Title: Where I Belong

Author: fbi-woman

Rating: PG-13 to be safe since I'm not quite sure exactly where I'm going with this one yet.

Type: CG of course, although I haven't really written the vast majority of that art yet lol. It's a post-ep fic of sorts as well which should hopefully make for a nice change.

Spoilers: sounds the warning bell This is a post-ep fic for the episode Viva Las Vegas so beware….

Disclaimer: I hate these stupid things….. I don't own anything and I'm not claiming to.

Summary: Well, as said, this is a post-ep fic for Viva Las Vegas so you probably already have a good idea of what it's about. This particular chapter is kind of a prelude to the CG part, so there isn't a huge amount of CG action in this chapter but it's coming!

AN : This used to be a songfic to "Get Out" by JoJo. For the songfic version, please visit I Belong

---------------

I can't believe my eyes; I feel like I've been slapped in the face. I can't move: all I can do is stare. He's looking at me like I'm crazy, like he can't understand why I'm upset. How else am I supposed to feel? He's the one who asked me to come here tonight but I guess I wasn't what he had in mind after all.

"What do you expect? I run a nightclub."

Is that supposed to make it all right? He makes it sound like I should have seen it coming the whole time. Is he right? Was I just oblivious to it all? Did I miss the signs along the way? I just don't understand. I can't believe this is happening; that he would treat me like this…. I thought I meant more to him than that. I open my mouth and try to speak but no words come out. There are so many things I want to say but I can't seem to string the words together. I feel my heart sink to the floor and I know I need to leave. I take one last look at the man I thought I knew and I turn and walk away silently. As make my way out of the club, I feel like everyone is looking watching me and I know that my feelings much be written all over my face. I climb into the safety of my car and stare at the drops of rain beginning to fall on my windshield.

---------------

As much as I wish I could simply erase it from my mind, I keep replaying the scene over and over in my head. A few minutes ago I was on top of the world and it all ended in a matter of seconds. I pray that this is just a dream; that I'll wake up and Chris and I can have a good laugh about it in the morning but I know that can't be. Just when I started to think our relationship might become a long-term thing, he went and cheated on me, completely shattering my visions. I wish I could turn back tine and change it so I never walked into that club. How could I be so stupid? It's not like I haven't been in this situation before but for some reason I allowed myself to get sucked in to it again. Every time he told me I was different, that I was special, that I was the only one…. It was all lies. That selfish bastard: he was playing me the whole time, just using me and tossing me aside like a toy, like all the rest of his cheap whores. Is that all I am? That seems to be all anyone wants me for.
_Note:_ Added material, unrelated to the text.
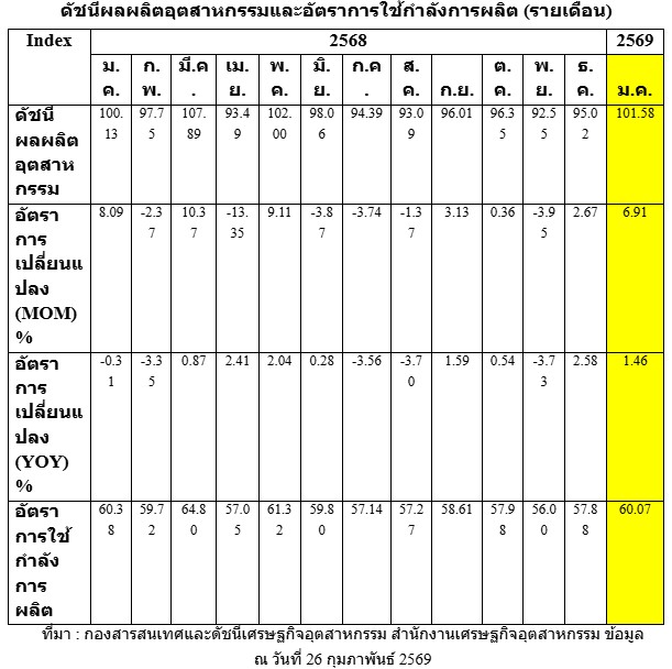 26 กุมภาพันธ์ 2569 — ศุภกิจ บุญศิริ ผู้อำนวยการ สำนักงานเศรษฐกิจอุตสาหกรรม (สศอ.) เปิดเผยว่า ดัชนีผลผลิตอุตสาหกรรม (MPI) เดือนมกราคม 2569 อยู่ที่ระดับ 101.58 ขยายตัวร้อยละ 1.46 เมื่อเทียบกับช่วงเดียวกันของปีก่อน ขณะที่อัตราการใช้กำลังการผลิตอยู่ที่ร้อยละ 60.07

'Stop it Catherine' I scold myself, 'don't think like that. You know there's so much more to you than that, even if no one else sees it'

Well, there is one person who knows who I really am, but I don't think he wants me either…. but I guess I can't really blame him. If only I was stronger, if only I could tell him what I really feel. Then maybe I wouldn't keep getting sucked into this vicious cycle of betrayal. Why does everything have to be so complicated?

---------------

I feel that familiar sting behind my eyes and I struggle to hold it in. Clearly Chris is not who I thought he was and he is definitely not worth crying over. I sigh and wish fervently that Gil was here; hugging me, telling me everything will be fine. I feel a new rush of tears threatening to break free as I think of how Gil and I have drifted apart. What I wouldn't give for things to be like they once were. I start the car with the intent of going home but I change my mind and decide to go for a drive to clear my head.

Initially, I'm surprised to find myself in Gil's driveway but when I really think about it, I know this is where I wanted to be all along; the only place I feel like I belong. I step out into the pouring rain and make my way to the front door. I stand there for a while but I can't seem to bring myself to ring the doorbell. I'm slowly becoming aware of how cold I am, standing there in the rain, and I start to regret not wearing a coat over my tank top. Suddenly the door opens and I see him standing there in front of me. I know he can sense how I'm feeling and without a word he opens his arms to me. I walk into his embrace and throw my arms around his neck, pulling him close. Finally, in the warmth and comfort of his arms, I am able to let it all out, and I cry.